McLuhan foresaw this “shift from instruction to discovery”; when the environment is made of information, learning can be entirely self-directed. He suggested this was a great opportunity, as the diversity of information people could consume would open their minds and broaden their views.

In practice, this logic hasn’t rung true. The more information we have at our fingertips, the more it can feel like an overwhelming, endless swarm. Research conducted by Newsworks with Flamingo and Tapestry – ‘Is the medium still the massage?’ which assesses the relevance of one of McLuhan’s most famous texts to today’s media landscape – found that the more people feel like this, the more they choose sources of information that align with their existing worldview and reinforce existing beliefs, rather than challenging or broadening their horizons.

In a media landscape of ‘discovery’, you direct your own route through information where previously editors and broadcasters navigated your way. You can simply cut whatever’s not to your taste.

The fact that algorithms are programmed to serve users content similar to that they’ve already read, to ensure repeat engagements, exacerbates this cycle. Online sources have hereby learnt to deprioritise accuracy and reliability in favour of ‘clickability’ and in the case of social media, ‘shareability’ – far more profitable measures.

This is reminiscent of McLuhan’s The Medium is the Massage, where he proposes that each medium crafts (or ‘massages’) the information it delivers. Rather than delivering a message objectively, the medium impacts the information it carries. Today’s digital media ‘massages’ news online into a different form.

While this has the benefit of allowing us to consume news instantaneously, when and how we want it, there are also drawbacks. For instance, not getting the sense of a full or rounded breadth of stories – as one of the respondents Flamingo and Tapestry spoke to said: “You can’t read the internet cover to cover”.

In this context, Newsworks’ research found that the importance of brand is dominant in the digital landscape. The source of news takes on a new resonance when anything is accessible. There has also been a shift in how we experience stories. While McLuhan categorised newspapers as a ‘cold media’ in the 1960s – meaning that they were largely a thinking medium – the rise of online video and other forms of storytelling mean that there has been a shift to ‘feeling’ a story and being shown a narrative, rather than told.

This development of new story-telling techniques enabled by the internet is undoubtedly a good thing, allowing publishers big and small to experiment and innovate. Where issues arise online is when stories are ferociously refined for the digital environment – eroding the information’s integrity in order to distil down into an attractive thumbnail and click-bait worthy headline.

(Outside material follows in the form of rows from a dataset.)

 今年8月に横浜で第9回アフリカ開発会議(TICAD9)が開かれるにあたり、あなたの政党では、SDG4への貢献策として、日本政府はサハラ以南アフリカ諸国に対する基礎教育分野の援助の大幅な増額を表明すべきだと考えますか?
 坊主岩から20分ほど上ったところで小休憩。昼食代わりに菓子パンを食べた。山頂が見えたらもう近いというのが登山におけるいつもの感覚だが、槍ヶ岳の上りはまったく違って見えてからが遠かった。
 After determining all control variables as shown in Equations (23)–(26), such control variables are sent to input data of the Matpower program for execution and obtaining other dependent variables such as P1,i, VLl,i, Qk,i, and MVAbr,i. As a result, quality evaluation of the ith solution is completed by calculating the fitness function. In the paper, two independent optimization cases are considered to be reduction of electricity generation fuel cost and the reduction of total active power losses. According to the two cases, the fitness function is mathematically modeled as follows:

Think of Dove’s disastrous ad campaign: the hyperlinked-and-thumbnailed articles showed an ad which depicted a black woman removing her t-shirt to become white. Copious criticisms of racial insensitivity and ‘whitewashing’ were raised, yet Lola Ogunyemi, the face of the campaign, stood by the ad. What Ogunyemi criticised was not the ad’s concept, but its misrepresentation in the online narrative. She states, “the full TV edit does a much better job of making the campaign’s message loud and clear…The [media’s] narrative has been written without giving consumers context on which to base an informed opinion”.

In extreme cases, shareability overthrows reliability: Fake News. ‘Post-truth’ – crowned 2016’s word of the year – exemplifies this reshaping of news as we once knew it. Exactly aligned with McLuhan’s views, we see that social media isn’t just a mode of disseminating information, but actually reconfigures the information that it disseminates. The medium has massaged the message in drastic ways; fake news is even considered by some to have influenced the election of Trump.

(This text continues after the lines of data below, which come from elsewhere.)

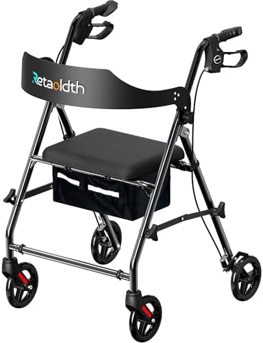 View full detailsFoldable Rollator Walker with Seat for Seniors, All-Terrain Wheels, 350lb Capacity, Reinforced Inner Metal Rod for Easy Folding & One-Hand Carry, Lightweight Rolling Walker - Black
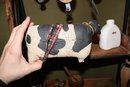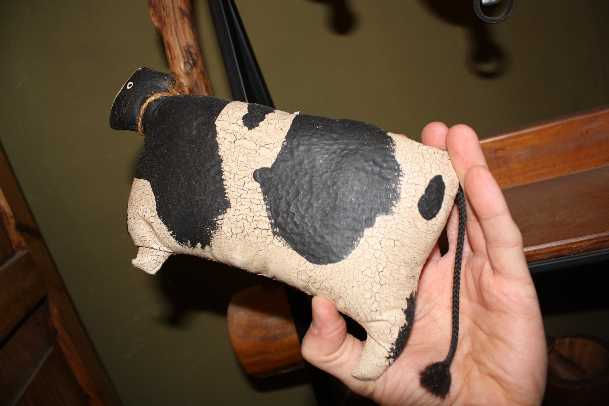 Handmade primitive folk art cow sculpture crafted from painted muslin or leather, featuring a rustic, weathered finish. Detailed paintwork simulates age, making it a charming country-style decorative piece. Collectible artisan décor, ideal for farmhouse, rustic, or vintage-inspired home settings.
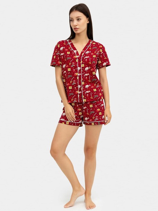 Совместные покупки Тюмень Женская одежда Домашняя одежда — Mark Formelle КОМПЛЕКТ ЖЕНСКИЙ (ЖАКЕТ, ШОРТЫ) 592348 592348 котики на вишневом 1
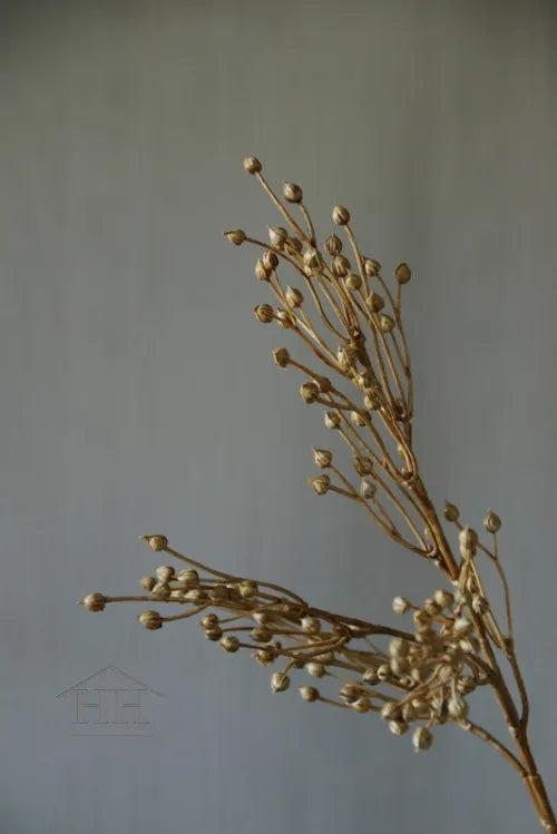 Lijnzaadbolletjes kunsttak goud geel - 66cm

“In the old days, you could fire or pull a trigger on a revolver and hurt people, but today, when you trigger this vast media that we use, you are manipulating entire populations,” McLuhan writes.

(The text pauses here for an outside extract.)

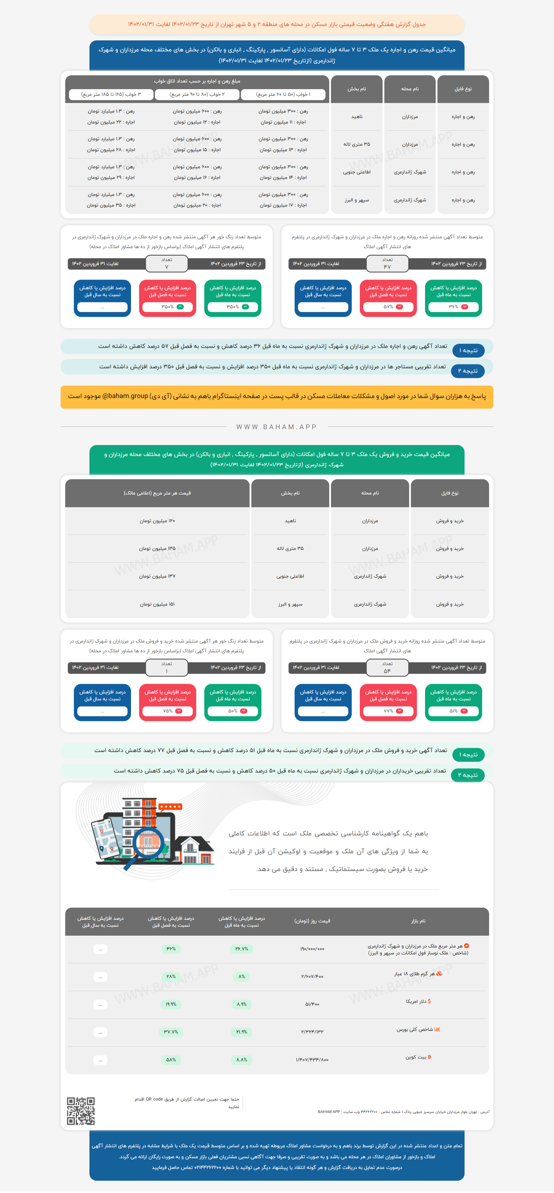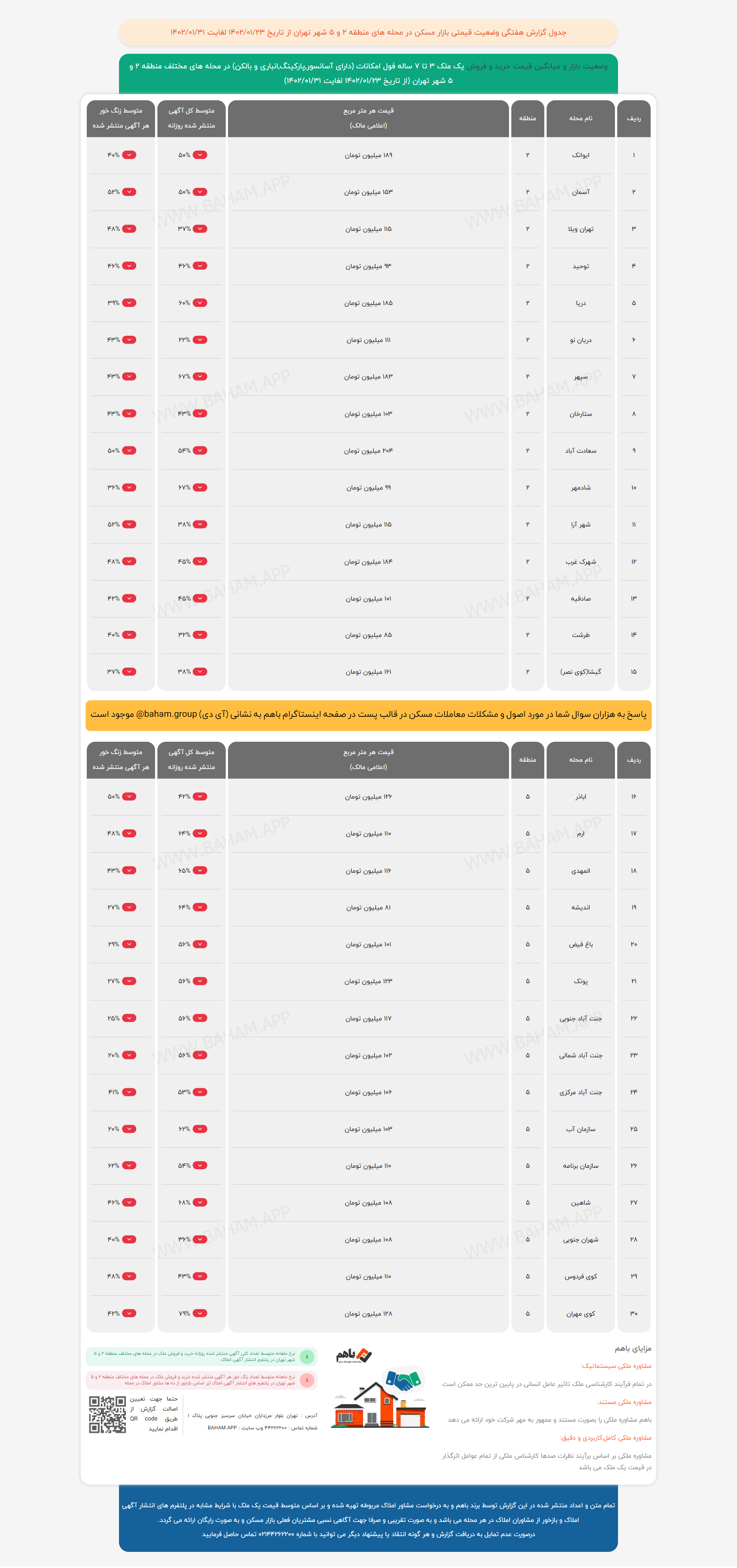 دادهنماهای زیر گزارش قیمتی بازار مسکن در مناطق ۲ و ۵ تهران طی هفته پایانی فروردین ماه ۱۴۰۲ است

As McLuhan contests, the media landscape has widespread and permeating impact on our society. But whereas The Medium Is the Massage asserts the absolute power of media over the messages they carry, today the relationship between these two elements has been complicated.

While digital’s possibilities has many benefits – bringing publishers massive reach and allowing for creative experimentation – it is a double edged sword. In democratising the power to broadcast, the founding principles of social media are now being exploited and compromised. Platforms that were founded as ways to connect and share have been ‘massaged’ into tools for separation, antagonisation and mass manipulation. Today, the message is the massage.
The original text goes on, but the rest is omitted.